8.2 Data: Strawberry emotions in kids Colombia

Overview of the data:

Data:

75 consumers evaluated a set of 8 strawberry drinkable yogurts Mix of commercial strawberry products and strawberry prototypes The objective was to explore the emotions associated with strawberry yogurts

Consumer information:

N = 75 Bogotá, Colombia Men 50% Women 50% Age: 8 - 12 (50%) ; 13 - 20(50%). Database is the summary of the frequencies of all consumers selection Products were presented in a sequential monadic way (one at a time) Main question: How do you feel when you taste this product?

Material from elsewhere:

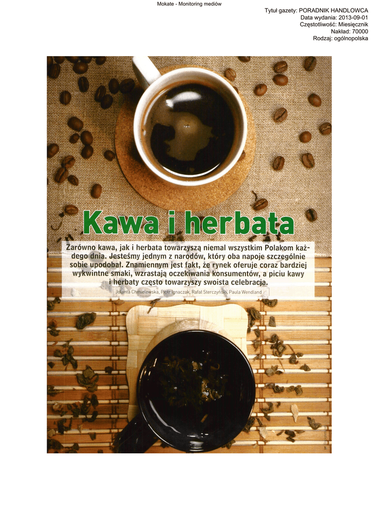 0RNDWH0RQLWRULQJPHGLyZ 7\WXáJD]HW\325$'1,.+$1'/2:&$ 'DWDZ\GDQLD &]ĊVWRWOLZRĞü0LHVLĊF]QLN 1DNáDG 5RG]DMRJyOQRSROVND [ Zarówno kawa, jak i herbata towarzyszą niemal wszystkim Polakom każ dego dnia. Jesteśmy jednym z narodów, który oba napoje szczególnie sobie upodobał. Znamiennym jest fakt, że rynek oferuje coraz bardziej wykwintne smaki, wzrastają oczekiwania konsumentów, a piciu kawy i herbaty często towarzyszy swoista celebracja. Jolanta Chmielewska, Piotr Ignaczak, Rafat Sterczyński, Paula Wendland •� "••• ' **v . ' . A %? 0RNDWH0RQLWRULQJPHGLyZ 7\WXáJD]HW\325$'1,.+$1'/2:&$ 'DWDZ\GDQLD &]ĊVWRWOLZRĞü0LHVLĊF]QLN 1DNáDG 5RG]DMRJyOQRSROVND Piotr Ignaczak Catman Group catman MERCHANDISING KAWY I HERBATY W sklepie spożywczym kawy i herbaty należą do kategorii napojów gorących. To bardzo liczna kategoria, składająca się z wielu segmentów. Znajomość segmentacji i sposobu myślenia klientów stanowi klucz do optymalnego wykorzystania przestrzeni ekspozycyjnej. KAWA � „NAJLEPSZA CHWILA PORANKA, KAWY FILIŻANKA" Kawa, po alkoholach i napojach, jest najważniejszą tzw. suchą kategorią spożywczą w sklepie. Jest to kategoria przyciągająca klienta do sklepu i jednocześnie pozycjonująca sklep w jego oczach. Wiedząc, że większość konsumentów nie wyobraża sobie dnia bez filiżanki kawy, powinniśmy zadbać o to, aby klient w sklepie czu� się doceniony i dopieszczony, mogąc wybierać spośród różnych rodzajów swojego ulubionego napoju. • W jaki sposób dobrać optymalny asortyment kaw w sklepie do 50 m2? Przed podjęciem decyzji, jakie kawy powinny się znaleźć w sklepie, warto pamiętać o tym, że zmienia się sposób picia kawy. Coraz częściej klienci kupują droższe kawy rozpuszczalne, ziarniste, kapsu�ki do ekspresów kawowych lub najnowszy trend na rynku: po�ączenie kawy mielonej z rozpuszczalną. Dlatego dobierając asortyment, powinno się odpowiedzieć na kilka pytań: � Jakiego sklep ma klienta? � Czy jest on bogaty, średniozamożny, a może wręcz nie posiada nadmiaru gotówki? � Czy robi większe zakupy w sklepie, czy może raczej kupuje to, czego mu akurat zabrak�o? � Czy lubi próbować nowości, czy może jest tradycjonalistą? � Czy posiada ekspres i poszukuje kapsu�ek albo kawy ziarnistej, czy może jest smakoszem picia kawy rozpuszczalnej? Najczęściej odpowiedzi na te pytania nie należą do naj�atwiejszych, gdyż bardzo często sklep ma klientów z różnych grup. Jednak określenie, jaki klient pojawia się w sklepie najczęściej, pozwoli trafniej dobrać asortyment. Zalecenia dla sklepu o powierzchni do 50 m2 • Najszerszy asortyment powinno dobrać się z przedzia�u cenowego, który odpowiada największej liczbie klientów, np. jeżeli w przeważającej mierze sklep ma klienta średniozamożnego, większość asortymentu powinna pochodzić ze średniego przedzia�u cenowego, natomiast z segmentu premium i ekonomicznego powinno być po jednym, dwóch reprezentantów. • Oprócz podzia�u cenowego należy brać pod uwagę także podzia� kaw ze względu na rodzaj: mielone, rozpuszczalne, ziarniste, „miksy kawowe", cappuccino oraz kapsu�ki. • W przypadku ma�ej ilości miejsca na pó�ce, warto skoncentrować się na liderach rynkowych � najpopularniejszych kawach na rynku. Należy wybrać po jednym produkcie z kaw ziarnistych, „miksów" (do rozważenia, czy również z kapsu�ek) i po 2�3 produkty z kaw mielonych i rozpuszczalnych. • Gramatura kaw powinna zawierać się maksymalnie w dwóch wielkościach. Nie ma potrzeby inwestować we wszystkie gramatury, ponieważ zwiększa to tylko koszty. • Warto też znaleźć miejsce na nowości rynkowe, ale tylko te, które są sprzedawane pod znaną marką i mają wsparcie reklamowe. Dzięki temu klienci nie będą musieli jechać po nowość do dużego sklepu, przez co zwiększy się obrót, a zmniejszy efekt utraconej sprzedaży. • Jak ustawić kategorie kawy w sklepie detalicznym, aby konsument nie mia� problemu z odnalezieniem swojego ulubionego produktu? Kawa jako jedna z ważniejszych kategorii powinna być przede wszystkim �atwo dostępna dla klienta. Najlepiej ustawić ją w miejscu największego ruchu klientów (z wy�ączeniem strefy wejścia do sklepu). Warto, aby kawa sąsiadowa�a z herbatą (podobnie jak stoi na pó�ce w domu) oraz s�odyczami (tabliczkami czekoladowymi, ciastkami). Takie ustawienie kategorii pozwoli na zwiększenie impulsowych zakupów s�odyczy przy okazji kupowania kawy. Z doborem lokalizacji nierozerwalnie �ączy się ilość miejsca, jakie powinno się przeznaczyć na daną kategorię. I tu z pomocą przychodzą takie wskaźniki, jak obrót i marża. Jest to wyznacznik, który powinien być brany pod uwagę przy doborze ilości miejsca. Najlepszym rozwiązaniem jest proporcjonalne dobranie ilości miejsca do zysku, jaki dana kategoria generuje. kawa i herbata 0RNDWH0RQLWRULQJPHGLyZ 7\WXáJD]HW\325$'1,.+$1'/2:&$ 'DWDZ\GDQLD &]ĊVWRWOLZRĞü0LHVLĊF]QLN 1DNáDG 5RG]DMRJyOQRSROVND Ułożenie horyzontalne dla sklepu do 50 m2 Źródło: Catman Group Zalecenia dla sklepu do 50 m2 • Przede wszystkim pó�kę trzeba podzielić ze względu na rodzaj kawy: mielone, rozpuszczalne, „miksy", cappuccino, ziarniste i kapsu�ki. W ten sposób u�atwi się klientowi szybkie znalezienie interesującego go produktu. • Najwięcej miejsca trzeba przeznaczyć dla kaw rozpuszczalnych i mielonych, gdyż to na nich opiera się biznes kawowy, a dla „miksów", cappuccino, ziaren i kapsu�ek odpowiednio mniej. • Kawy rozpuszczalne należy ustawiać powyżej lub po lewej stronie kaw mielonych, a większe opakowania przed mniejszymi. Taki uk�ad pozwoli zwiększyć sprzedaż. Przy lub pod kawami mielonymi należy u�ożyć kawy ziarniste, a następnie inne rodzaje kaw. • Nowości w postaci kaw mieszanych (rozpuszczalna z mieloną) należy ze względu na większą zawartość k

Emotions were presented in a list, and consumers were able to choose as many emotions as they want

Load necessary packages:

library(readxl)                  #to read data the excel files 
library(ggplot2)                 #to plot really pretty graphs
library(corrplot)                #to assess correlation and make correlation plots 
library(PerformanceAnalytics)    #another cool package to look at correlation
library(PTCA4CATA)               #amazing package from Dr. Abdi to do support works 4 analysis
library(data4PCCAR)              #amazing package no.2 from Dr. Abdi to do PCA & CA
library(ExPosition)              #package for PCA calculations
library(InPosition)              #another package for PCA calculation that also include inference (BR, CI)
library(graphics)                #default on in R. Just making sure. For fine-tunings
library(dplyr)                   #for data manipulations
library(tidyverse)               #collection of vital packages 
library(data.table)              #for data manipulation
library(knitr)                   #to make nice Rmarkdown including neat html tables
library(kableExtra)              #make scrollable tables
library(gridExtra)
library(grid)
library(ggplotify)               #these 3 helps combine plots
library(cowplot)                 #alternative to gridExtra, provides plot_grid

Load data:

#use readxl to read from excel files
data <- read_excel("data.xlsx")                #don't hard code location, 
                                               #just direct to data file by name as long as it is in the same folder
a    <- kable(data)                            #taking a peak at our data
scroll_box(a, width = "100%", height = "200px")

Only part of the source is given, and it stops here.